Barmer-Chef Straub fordert hingegen eine deutlich intensivere Prävention. Betroffene bräuchten leichten Zugang zu Hilfe und vor allem Anlaufstellen, denen sie vertrauen können. „Denn allein sind Mobbingattacken nur schwer zu bestehen“, sagt Straub. Wer Mobbing erfährt, geht damit zumeist zur eigenen Familie.
Zwei von drei Betroffenen suchen Hilfe bei den Eltern, wie die Studie zeigt. Für 44 Prozent gehört aber auch der Freundeskreis zu den ersten Ansprechpersonen. „Mütter und Väter, die besten Freundinnen und Freunde genießen in der schwierigen Lage, in die Betroffene durch das Mobbing geraten, das größte Vertrauen“, erklärt Straub.
Daneben gibt es aber weitere Anlaufstellen, bei denen Teenager nach Hilfe suchen können. Wer heftig mobbt, macht sich häufig sogar strafbar. Betroffene können also Anzeige bei der Polizei erstatten. Doch auch Selbsthilfegruppen und Lehrer bieten sich als Ansprechpartner an. Insbesondere Schulen könnten aktive Aufklärungsarbeit leisten, heißt es von der EU-Initiative Klicksafe.

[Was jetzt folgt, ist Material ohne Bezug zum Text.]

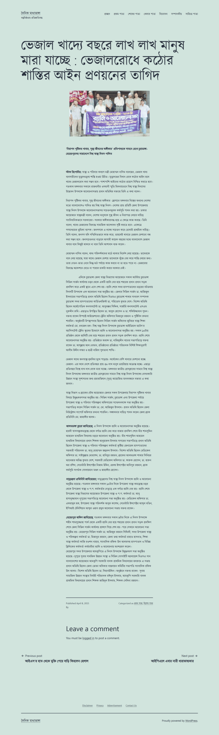 Statistics: More than half of all food in Bangladesh is adulterated. Each year, 3 million people suffer from diarrhea due to unsafe food, and globally millions die. A human chain held by SUPRO in front of the National Press Club demanded stronger measures.
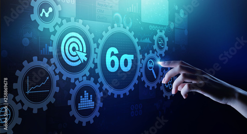 Six sigma DMAIC Industrial process optimisation concept on virtual screen.

Allerdings: „Wir wissen aus der Forschung, dass Mobbing sehr spät von Lehrkräften wahrgenommen wird“, sagte Klicksafe-Leiterin Birgit Kimmel anlässlich des jüngsten Aktionstags gegen Cybermobbing vor wenigen Wochen.
Schon vor der Corona-Pandemie sei Cybermobbing ein wachsendes Problem gewesen, heißt es von der Initiative. Die Pandemie habe die Situation aber weiter verschärft, da sich viele Aktivitäten wie Freunde treffen und schulische Angebote ins Internet verlagert haben.
Die Dunkelziffer der betroffenen Teenager dürfte indes höher sein. Zwar behauptet etwa ein Drittel der 14- bis 17-Jährigen laut Barmer-Studie, noch nie etwas von Cybermobbing mitbekommen zu haben. 17 Prozent machten allerdings keine Angabe – oder sagten, sie wüssten es nicht.